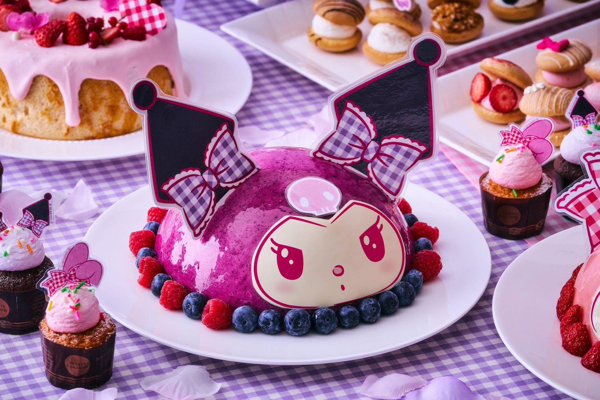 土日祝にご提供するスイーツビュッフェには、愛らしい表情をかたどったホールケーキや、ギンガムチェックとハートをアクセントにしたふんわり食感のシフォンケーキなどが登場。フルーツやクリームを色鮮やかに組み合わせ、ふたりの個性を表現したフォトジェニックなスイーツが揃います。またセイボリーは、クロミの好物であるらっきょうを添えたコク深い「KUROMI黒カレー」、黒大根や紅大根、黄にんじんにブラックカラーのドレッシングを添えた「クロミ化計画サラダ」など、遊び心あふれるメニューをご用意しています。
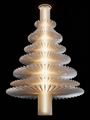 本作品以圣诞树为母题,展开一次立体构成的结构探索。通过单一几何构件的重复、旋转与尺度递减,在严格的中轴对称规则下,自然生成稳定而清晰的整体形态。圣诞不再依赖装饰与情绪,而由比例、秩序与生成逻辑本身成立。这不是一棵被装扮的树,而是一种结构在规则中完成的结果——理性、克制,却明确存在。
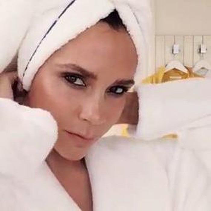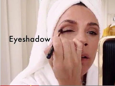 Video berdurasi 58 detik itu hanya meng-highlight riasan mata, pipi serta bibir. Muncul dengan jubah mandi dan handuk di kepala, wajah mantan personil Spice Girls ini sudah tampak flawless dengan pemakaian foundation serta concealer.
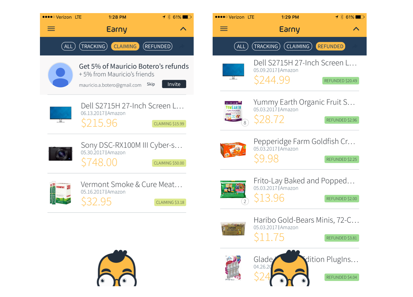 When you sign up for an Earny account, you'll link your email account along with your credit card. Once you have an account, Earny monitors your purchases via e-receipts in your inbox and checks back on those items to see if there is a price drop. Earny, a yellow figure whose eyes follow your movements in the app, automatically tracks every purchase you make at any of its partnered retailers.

----------

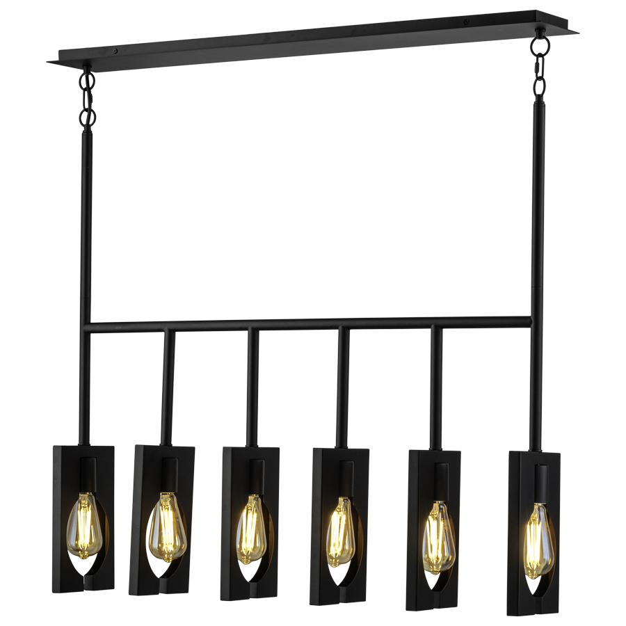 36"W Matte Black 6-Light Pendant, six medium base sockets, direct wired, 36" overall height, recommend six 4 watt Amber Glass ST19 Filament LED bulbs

----------

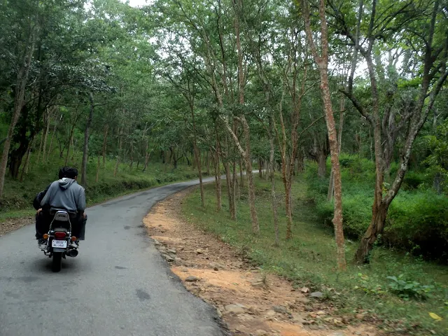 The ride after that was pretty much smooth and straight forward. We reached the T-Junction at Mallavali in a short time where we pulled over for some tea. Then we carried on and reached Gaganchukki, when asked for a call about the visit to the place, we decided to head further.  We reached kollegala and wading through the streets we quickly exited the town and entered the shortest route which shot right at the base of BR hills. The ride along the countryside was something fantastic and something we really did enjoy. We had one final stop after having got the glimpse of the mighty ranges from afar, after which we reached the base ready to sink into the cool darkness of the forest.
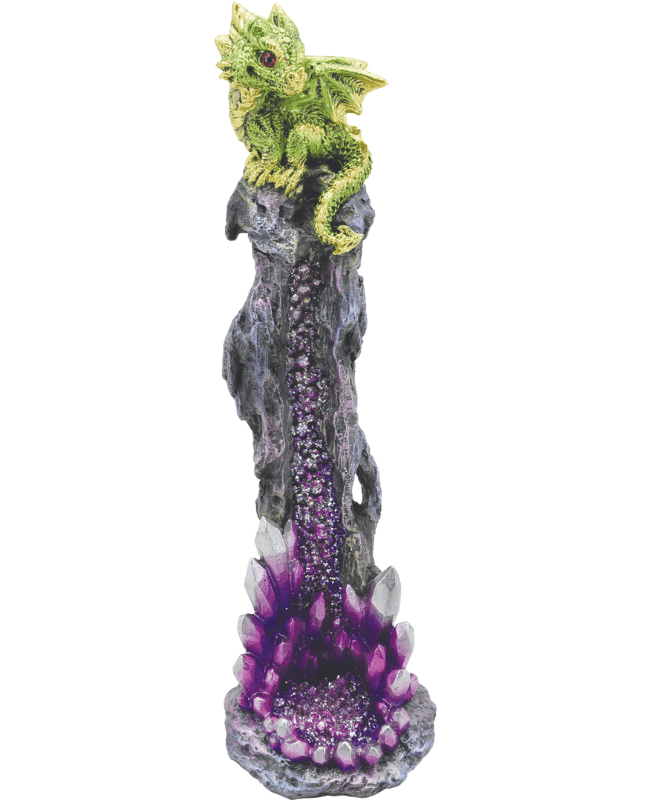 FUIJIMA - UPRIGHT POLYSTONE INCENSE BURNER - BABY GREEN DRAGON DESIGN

----------

[PROBLEM STATEMENT]:
Copy back exactly the lines above from the one containing "土日祝にご提供するスイーツビ" through the one containing "本作品以圣诞树为母题,展开一", and leave every picture behind.

[SOLUTION]:
 土日祝にご提供するスイーツビュッフェには、愛らしい表情をかたどったホールケーキや、ギンガムチェックとハートをアクセントにしたふんわり食感のシフォンケーキなどが登場。フルーツやクリームを色鮮やかに組み合わせ、ふたりの個性を表現したフォトジェニックなスイーツが揃います。またセイボリーは、クロミの好物であるらっきょうを添えたコク深い「KUROMI黒カレー」、黒大根や紅大根、黄にんじんにブラックカラーのドレッシングを添えた「クロミ化計画サラダ」など、遊び心あふれるメニューをご用意しています。
 本作品以圣诞树为母题,展开一次立体构成的结构探索。通过单一几何构件的重复、旋转与尺度递减,在严格的中轴对称规则下,自然生成稳定而清晰的整体形态。圣诞不再依赖装饰与情绪,而由比例、秩序与生成逻辑本身成立。这不是一棵被装扮的树,而是一种结构在规则中完成的结果——理性、克制,却明确存在。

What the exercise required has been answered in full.